Friends and Heroes opens in 1941 with Harriet Pringle in Athens anxiously waiting to see if her husband Guy will escape successfully from Nazi-occupied Bucharest. He does, but he shouldn’t really be joining his wife in Athens; his orders are to head for Cairo. This will have implications later when he and his fellows are jockeying for position and employment in what is known as “the organisation” (the British Council). Of immediate concern, however, is Guy’s seeming indifference to his wife’s needs and wishes. Harriet, given that they are in Athens with nothing to do, wants to do some sight-seeing with her husband: the Parthenon being top of the list. Guy, however, would prefer to go directly to the organisation to assess the lay of the land. Understandable given that without a salary from the organisation, he and Harriet will have nothing to live on. Yet it reestablishes a previous pattern – Guy is always seeking to busy himself elsewhere, and expecting her to take second place whether it be to the play he put on in The Spoilt City, the revue or his preoccupation with left-wing politics in Friends and Heroes. While Harriet lives with her disappointment better in Athens than in Bucharest – she has distractions, more of which anon – she does eventually challenge him. Guy’s response is typical of his carelessness …

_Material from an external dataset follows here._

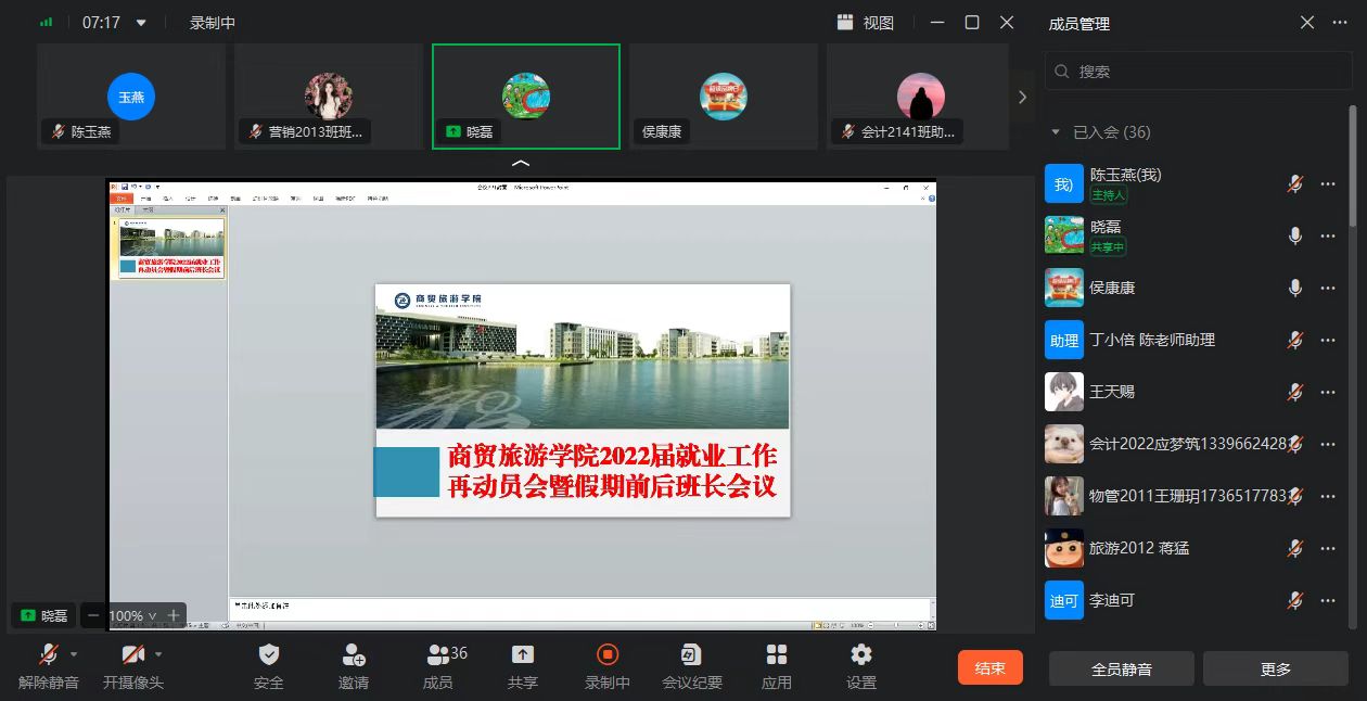 为应对“最难就业季”,切实激发全体2023届毕业生就业热情,全力打好“春季促就业攻坚战”。4月3日晚上,yl1111永利集团在钉钉群召开2023届毕业生就业动员会。分公司党总支副书记周佳良、学工办辅导员王晓磊、陈玉燕、李迪可及2023届毕业班班长、班助参加会议。

Having married her, he simply ceased to see her as another person. She had once accused him of considering her feelings less than those of anyone else with whom they came into contact. Surprised, he had said: “But you are myself. I don’t need to consider your feelings.”

And so to Harriet’s distractions: 1) she gets a job – I’m not entirely sure what it involves, but she’s in the same offices as other backstabbing British Council employees; 2) Charles Warden, a young officer, who befriends Harriet in Athens. Befriends? It’s a prickly relationship, Charles, who is not from the same laidback (I’m being kind here) mould as Guy, obviously wants more than Harriet is willing to give, until the moment that Harriet is willing to give it, when unforeseen circumstances and a blast from the Bucharest past intervene … So not a sexual affair, but it is, without doubt, an emotional adultery.

Humans will be humans: emotional lives and professional rivalries continue despite the troubled times in which these characters live. First there is the declaration of war on Greece by Italy followed by the Greek victory, which is celebrated with joy and bell-ringing every step of the way. The true cost, though, becomes apparent only after the Germans have deceived Yugoslavia and blitzkrieg their way down Greece to Athens, despite reinforcements from allied forces. It turns out allied support is a mirage; they don’t really have anything to give, and the hoped-for repeat of the victory at Thermopylae is not one to be repeated.

As Nazi victory becomes certain, the British ex-pat community, including Guy and Harriet, must flee once more. Cue more treachery as some try to surreptitiously escape at the cost of those they are prepared to leave behind. Fortunately they are thwarted and the final page turns with Guy and Harriet on a decrepit old boat sailing across the Mediterranean to Cairo.

While I will be following them by reading The Levant Trilogy in 2022, it now time to say farewell to professional sponger, Prince Yakimov, whose days ended suddenly in Athens. While I never warmed to poor Yaki my thoughts, like Harriet’s, remain with Alan, the lonely man and his dog, Diocletian, who had loved Greece and the Greeks, and could not bear to leave them.